What needs to be done:
Reproduce, from the lines below, exactly the stretch that begins at the line containing "青年兽医拔尖人才项目由中华农" and ends at the line containing "國發會在9/27號發布景氣對", both included.

--- Provided data ---

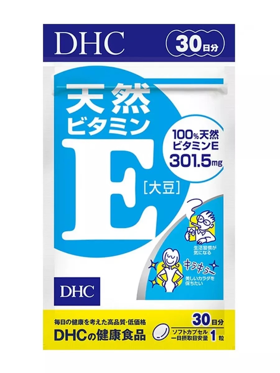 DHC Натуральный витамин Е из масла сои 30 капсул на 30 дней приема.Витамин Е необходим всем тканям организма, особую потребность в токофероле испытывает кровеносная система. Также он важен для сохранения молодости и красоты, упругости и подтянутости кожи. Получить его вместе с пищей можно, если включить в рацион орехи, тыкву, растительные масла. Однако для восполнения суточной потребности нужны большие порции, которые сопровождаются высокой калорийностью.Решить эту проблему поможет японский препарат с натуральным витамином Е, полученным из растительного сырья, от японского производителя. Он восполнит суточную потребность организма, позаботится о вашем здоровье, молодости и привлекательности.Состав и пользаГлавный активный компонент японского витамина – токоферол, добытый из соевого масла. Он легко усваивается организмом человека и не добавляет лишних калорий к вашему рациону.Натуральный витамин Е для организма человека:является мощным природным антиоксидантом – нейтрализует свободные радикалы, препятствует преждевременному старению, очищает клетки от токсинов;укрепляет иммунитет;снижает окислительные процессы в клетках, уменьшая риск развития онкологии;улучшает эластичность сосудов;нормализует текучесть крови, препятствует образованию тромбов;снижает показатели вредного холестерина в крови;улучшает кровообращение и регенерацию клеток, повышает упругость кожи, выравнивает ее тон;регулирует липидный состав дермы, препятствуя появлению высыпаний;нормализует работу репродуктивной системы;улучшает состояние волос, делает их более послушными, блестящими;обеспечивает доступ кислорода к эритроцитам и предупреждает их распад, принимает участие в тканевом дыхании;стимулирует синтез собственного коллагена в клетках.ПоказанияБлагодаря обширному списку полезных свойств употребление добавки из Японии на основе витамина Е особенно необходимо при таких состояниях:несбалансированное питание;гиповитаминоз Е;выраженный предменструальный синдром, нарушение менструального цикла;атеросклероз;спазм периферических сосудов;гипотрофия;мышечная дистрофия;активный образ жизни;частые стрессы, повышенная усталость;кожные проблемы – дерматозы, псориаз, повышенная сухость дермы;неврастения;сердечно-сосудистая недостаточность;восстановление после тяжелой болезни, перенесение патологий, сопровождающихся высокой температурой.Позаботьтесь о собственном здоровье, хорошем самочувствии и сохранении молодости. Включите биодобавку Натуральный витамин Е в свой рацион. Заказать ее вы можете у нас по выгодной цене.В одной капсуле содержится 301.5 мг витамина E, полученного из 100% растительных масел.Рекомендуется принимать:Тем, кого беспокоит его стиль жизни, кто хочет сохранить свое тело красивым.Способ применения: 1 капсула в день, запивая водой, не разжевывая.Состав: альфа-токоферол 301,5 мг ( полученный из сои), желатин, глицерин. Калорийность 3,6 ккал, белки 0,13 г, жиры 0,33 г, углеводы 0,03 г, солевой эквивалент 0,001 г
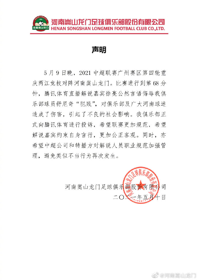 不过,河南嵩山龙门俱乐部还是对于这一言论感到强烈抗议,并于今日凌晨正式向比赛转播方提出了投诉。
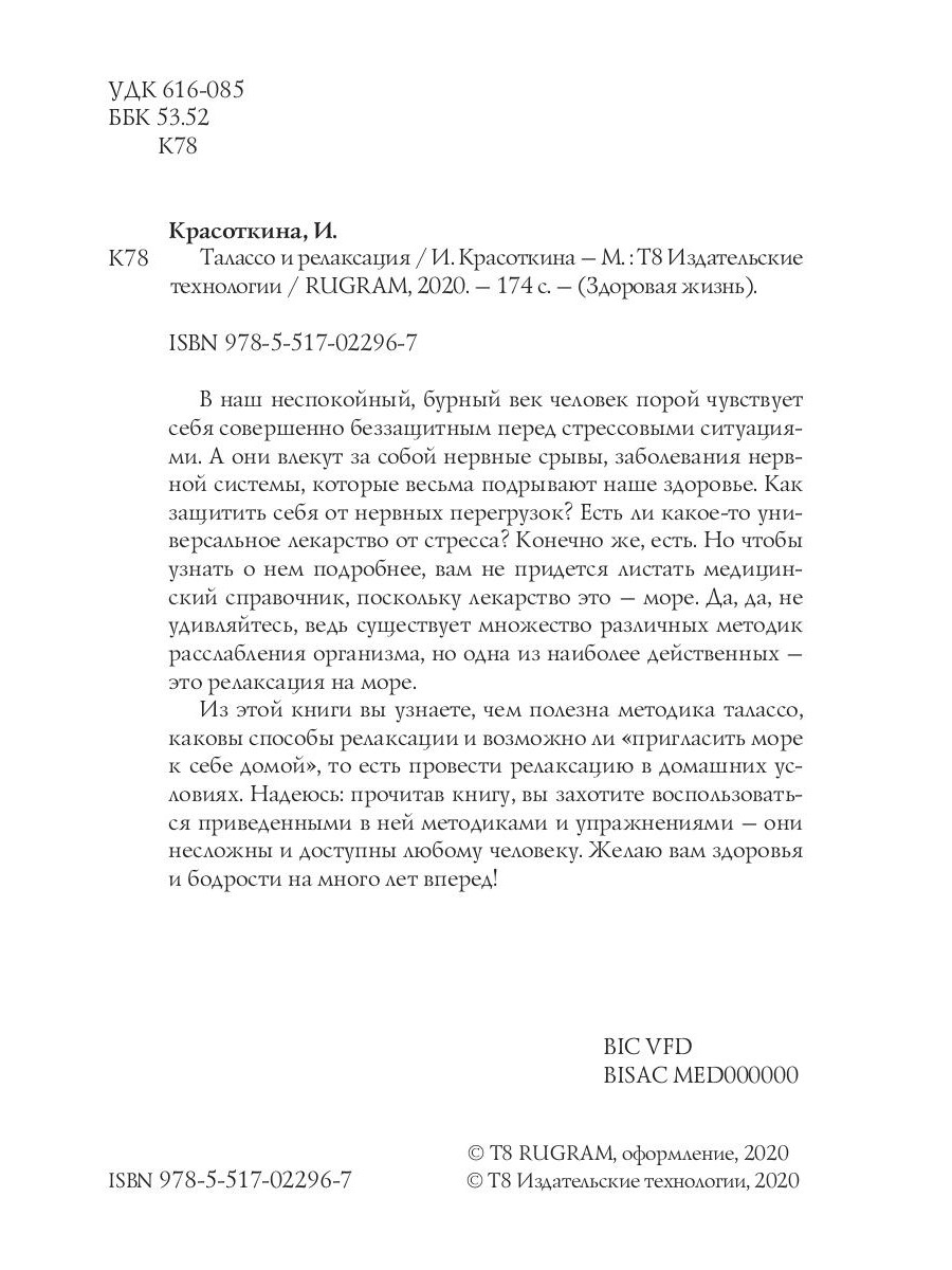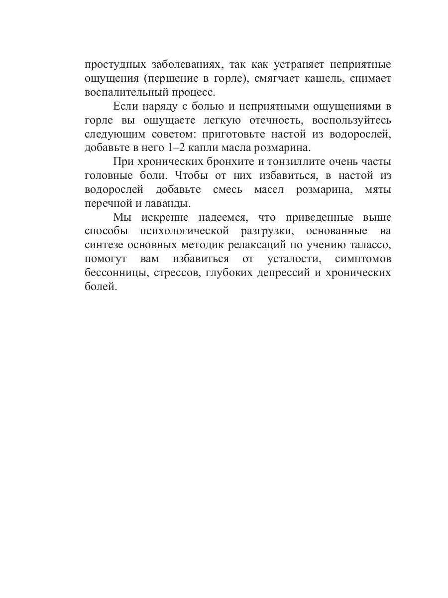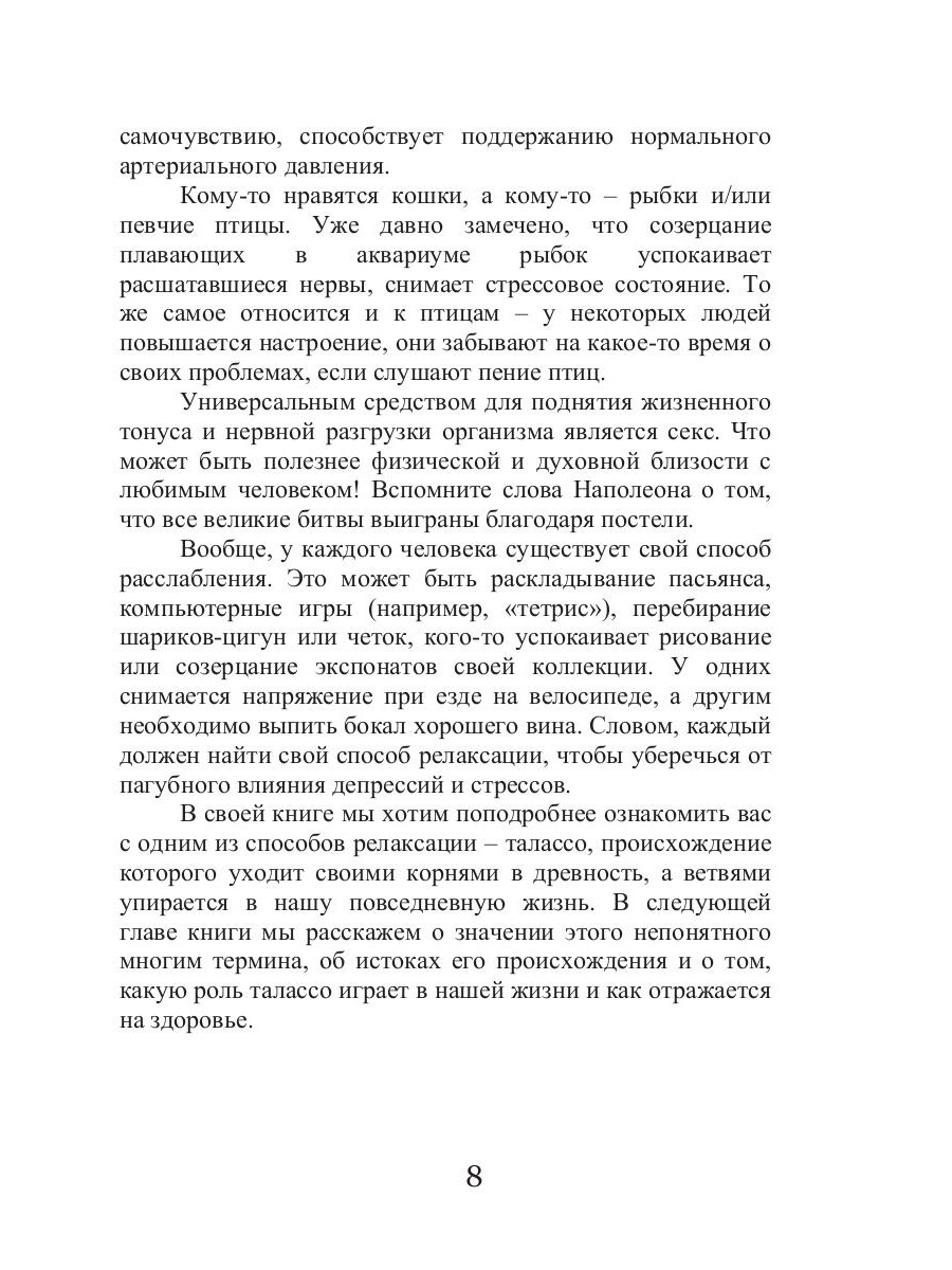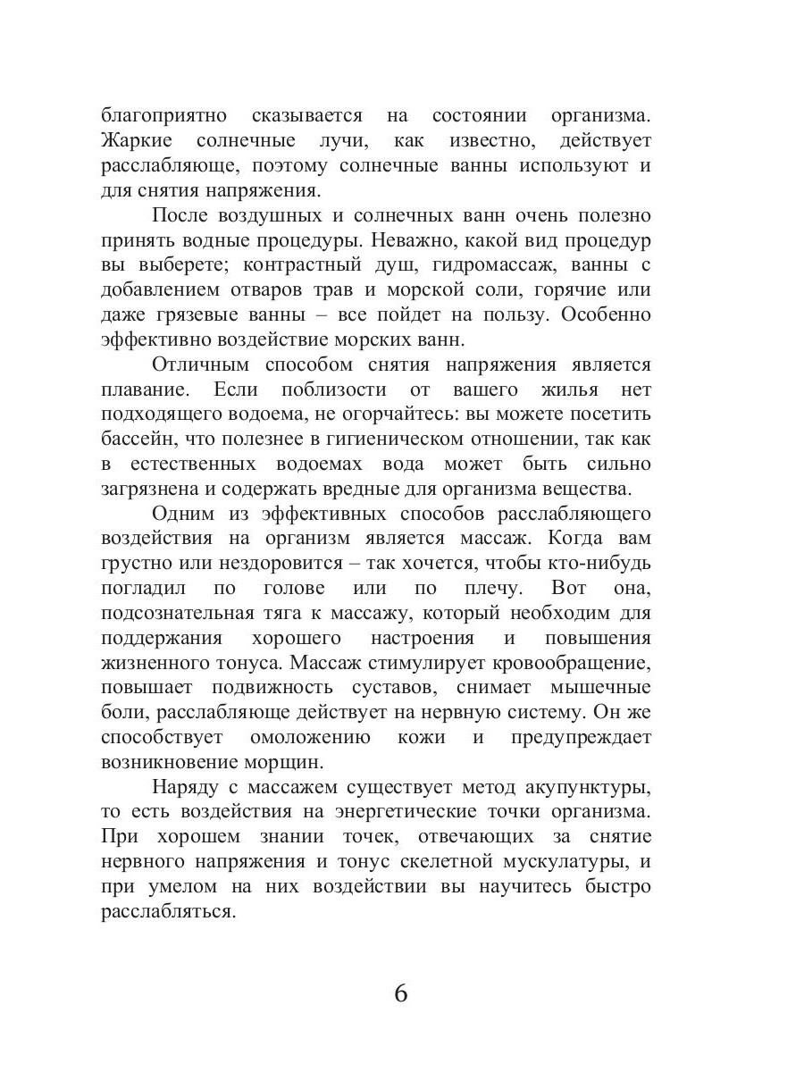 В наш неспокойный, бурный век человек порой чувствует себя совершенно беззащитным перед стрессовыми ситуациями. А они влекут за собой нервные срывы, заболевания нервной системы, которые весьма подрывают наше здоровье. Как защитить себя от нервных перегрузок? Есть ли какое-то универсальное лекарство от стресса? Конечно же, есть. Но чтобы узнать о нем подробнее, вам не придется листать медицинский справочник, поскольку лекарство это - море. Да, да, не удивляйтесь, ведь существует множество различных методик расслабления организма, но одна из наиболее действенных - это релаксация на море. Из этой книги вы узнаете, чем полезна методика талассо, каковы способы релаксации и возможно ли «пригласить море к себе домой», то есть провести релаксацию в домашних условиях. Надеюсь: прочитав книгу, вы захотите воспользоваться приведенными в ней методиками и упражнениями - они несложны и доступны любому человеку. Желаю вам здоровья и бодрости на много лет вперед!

---
--- Provided data ---

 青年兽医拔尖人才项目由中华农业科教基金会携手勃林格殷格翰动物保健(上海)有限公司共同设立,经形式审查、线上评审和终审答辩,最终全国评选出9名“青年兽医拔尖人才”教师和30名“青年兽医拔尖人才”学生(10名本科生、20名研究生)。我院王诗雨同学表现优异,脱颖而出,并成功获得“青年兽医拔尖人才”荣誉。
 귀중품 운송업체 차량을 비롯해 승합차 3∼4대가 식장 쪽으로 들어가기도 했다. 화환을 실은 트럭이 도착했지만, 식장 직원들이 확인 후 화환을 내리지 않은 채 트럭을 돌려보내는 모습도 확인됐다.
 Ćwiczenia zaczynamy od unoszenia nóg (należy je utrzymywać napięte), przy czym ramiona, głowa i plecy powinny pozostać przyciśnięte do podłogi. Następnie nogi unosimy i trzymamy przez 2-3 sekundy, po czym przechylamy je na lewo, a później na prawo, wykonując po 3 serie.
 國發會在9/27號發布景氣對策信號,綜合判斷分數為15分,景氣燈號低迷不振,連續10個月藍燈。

---

Exercise result:
 青年兽医拔尖人才项目由中华农业科教基金会携手勃林格殷格翰动物保健(上海)有限公司共同设立,经形式审查、线上评审和终审答辩,最终全国评选出9名“青年兽医拔尖人才”教师和30名“青年兽医拔尖人才”学生(10名本科生、20名研究生)。我院王诗雨同学表现优异,脱颖而出,并成功获得“青年兽医拔尖人才”荣誉。
 귀중품 운송업체 차량을 비롯해 승합차 3∼4대가 식장 쪽으로 들어가기도 했다. 화환을 실은 트럭이 도착했지만, 식장 직원들이 확인 후 화환을 내리지 않은 채 트럭을 돌려보내는 모습도 확인됐다.
 Ćwiczenia zaczynamy od unoszenia nóg (należy je utrzymywać napięte), przy czym ramiona, głowa i plecy powinny pozostać przyciśnięte do podłogi. Następnie nogi unosimy i trzymamy przez 2-3 sekundy, po czym przechylamy je na lewo, a później na prawo, wykonując po 3 serie.
 國發會在9/27號發布景氣對策信號,綜合判斷分數為15分,景氣燈號低迷不振,連續10個月藍燈。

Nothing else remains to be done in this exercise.